It's simply not worth it to sell a live pig to anyone other than an approved center.


----------



## Rusty S (Apr 6, 2006)

Come on and tell me something I don't know BIG BOY, clown college is in class I guess??? rs


paulss said:


> If you are going to sell any feral hogs, they better be dead. UNLESS you are selling them to a *TAHC Approved Feral Swine Buying Center*. The following is a list of approved centers posted by TPW on another forum. They aren't fooling around, if you get caught there are large fines and possible jail time. By the way, they monitor this and similar forums frequently. One of the guys on here wanting to take you up on your offer just might be a Game Warden.
> 
> If you want to sell them to a Center, call one near you and they can discuss transporting, pricing, etc.
> 
> ...


----------



## OxbowOutfitters (Feb 17, 2006)

Dang Rusty,,Ya got your Nickers in a wad over a pig..

come on...


----------



## Rusty S (Apr 6, 2006)

OxbowOutfitters said:


> Dang Rusty,,Ya got your Nickers in a wad over a pig..
> 
> come on...


.
No, I know the law and procedures, ox , and if this ole boy thinks you can buy dead feral hogs he is in a dream tunnel. rs


----------



## coryd33 (Sep 1, 2007)

Funny, my uncle is on that list. Didn't even know he was doing it.


----------



## jfc21 (Jun 19, 2006)

:an1: 
I have some hydrilla and fire ants I'll trade you.


----------



## Rusty S (Apr 6, 2006)

jfc21 said:


> :an1:
> I have some hydrilla and fire ants I'll trade you.

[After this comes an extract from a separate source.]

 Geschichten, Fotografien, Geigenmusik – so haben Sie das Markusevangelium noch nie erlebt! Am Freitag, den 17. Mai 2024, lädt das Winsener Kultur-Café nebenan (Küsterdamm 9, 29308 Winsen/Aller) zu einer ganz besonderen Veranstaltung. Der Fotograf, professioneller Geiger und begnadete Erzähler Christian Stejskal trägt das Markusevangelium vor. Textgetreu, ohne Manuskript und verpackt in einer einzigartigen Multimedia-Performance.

I'll trade you 10#s of alligator grass for 10#s of crawfish, deal?? rs


----------



## Brassnadz (Jun 18, 2007)

Im not far from you. If you want someone to come out and kill some for you, just let me know, but you need to heed the advice and refrain from selling them to anyone other than the people on the list. Could get you in some hot H20.


----------



## ksctp00 (Jun 8, 2008)

We did some investigating and it is against the law to sell wild hog. We will still sell them if anybody needs the meat. The pricing will have to be adjusted for the cleaning, skinning, etc. Please PM me if anyone interested.


----------



## paulss (Aug 16, 2007)

Rusty S said:


> Come on and tell me something I don't know BIG BOY, clown college is in class I guess??? rs


Rusty, I don't understand the attitude. Do you have some unresolved Oedipal issues?

The post was directed to Clayton. It was an attempt to keep him from making a mistake that could have some pretty serious consequences and to give him and other members of the Forum a list of buyers for live wild hogs. IF you had taken the time to read his original post, he is under the impression that there are folks willing to buy wild hogs "dead or alive".

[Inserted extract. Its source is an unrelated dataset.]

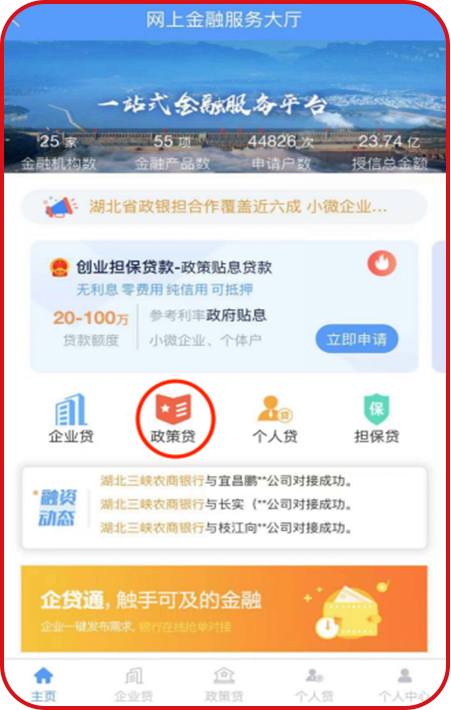 進入“市民e家”App并登錄——選擇【金融大廳】——點擊下方【政策貸】——進入個人創(chuàng)業(yè)擔保貸款界面。

I would NEVER try to enlighten you, you obviously know everything. To answer your question, it appears that Clown College is indeed in class. That would make you the Head Clown.


----------



## ksctp00 (Jun 8, 2008)

thanks for the info paulss. probably saved us from getting into some serious trouble. a appreciate all the info from everyone but after talking to a local warden, it is illegal to transport a wild feral hog alive. however, you can sell the meat.


----------



## paulss (Aug 16, 2007)

Thanks Clayton. I hope you have some luck getting rid of some of them (at least temporarily) and you can sell what you want.


----------